- [Assigned task]: Your copy of the data should match it exactly, except that the pictures are gone.

- [Recorded data]:

○ ○ ○

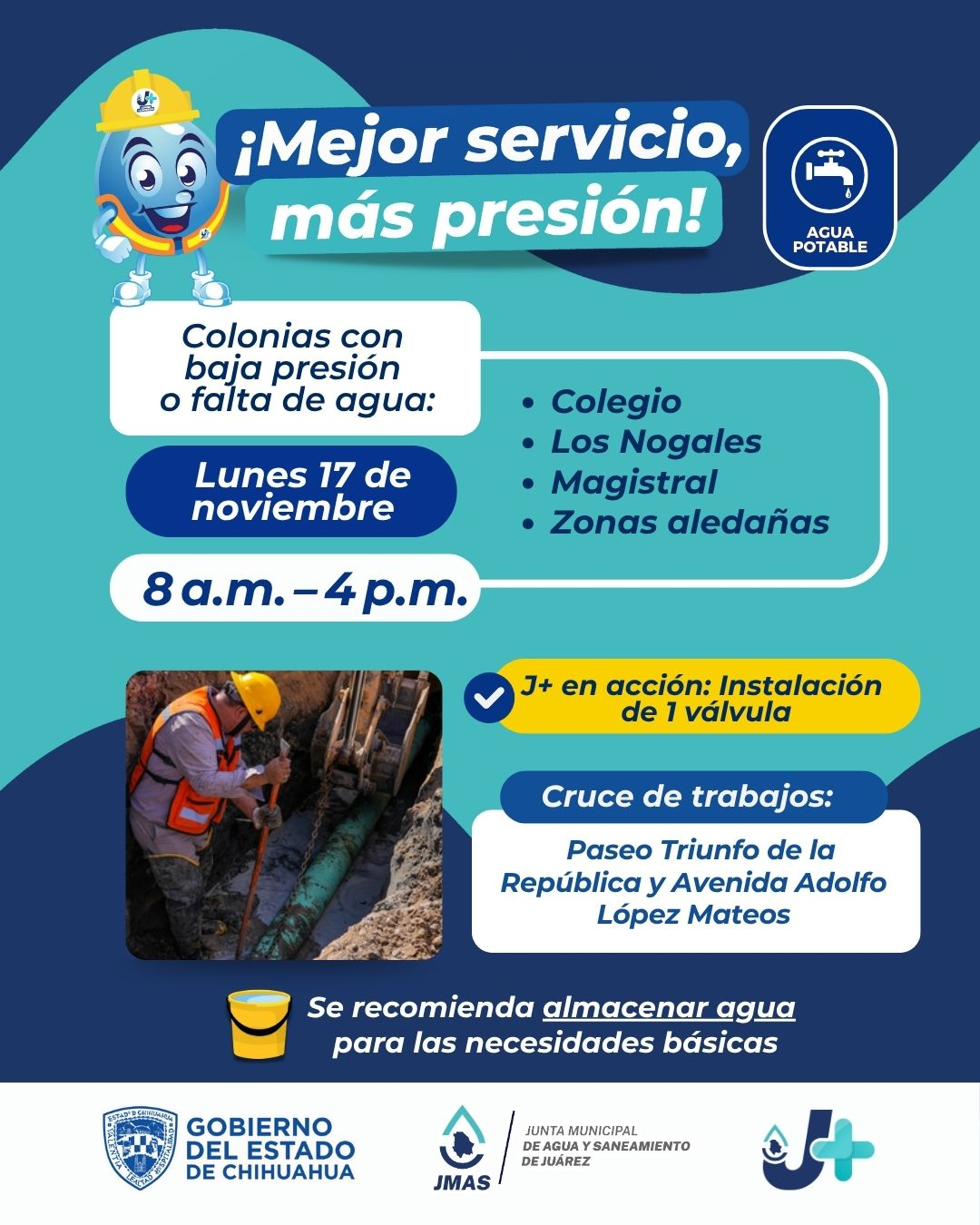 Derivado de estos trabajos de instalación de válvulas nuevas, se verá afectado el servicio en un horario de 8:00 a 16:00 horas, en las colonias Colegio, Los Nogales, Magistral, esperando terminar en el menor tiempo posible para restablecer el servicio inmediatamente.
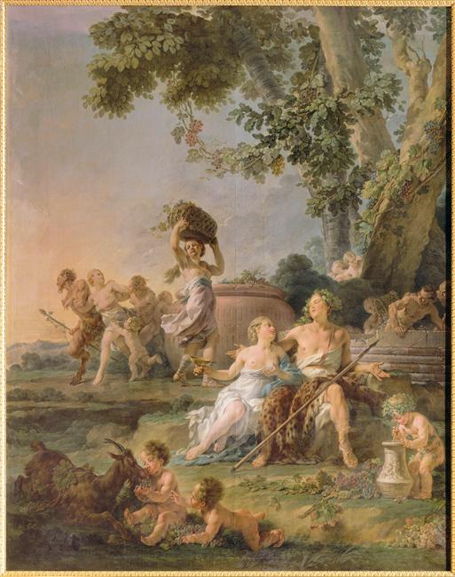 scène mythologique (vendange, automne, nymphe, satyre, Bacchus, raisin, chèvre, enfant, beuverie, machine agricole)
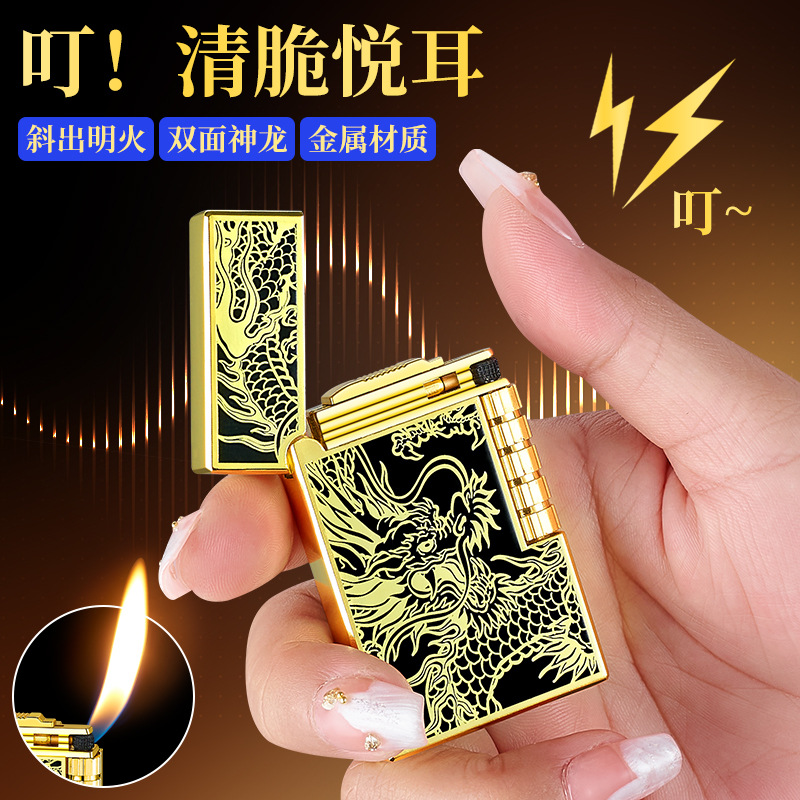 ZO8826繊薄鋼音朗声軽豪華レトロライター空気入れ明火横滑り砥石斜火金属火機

○ ○ ○

- [Solution to this problem]:
 Derivado de estos trabajos de instalación de válvulas nuevas, se verá afectado el servicio en un horario de 8:00 a 16:00 horas, en las colonias Colegio, Los Nogales, Magistral, esperando terminar en el menor tiempo posible para restablecer el servicio inmediatamente.
 scène mythologique (vendange, automne, nymphe, satyre, Bacchus, raisin, chèvre, enfant, beuverie, machine agricole)
 ZO8826繊薄鋼音朗声軽豪華レトロライター空気入れ明火横滑り砥石斜火金属火機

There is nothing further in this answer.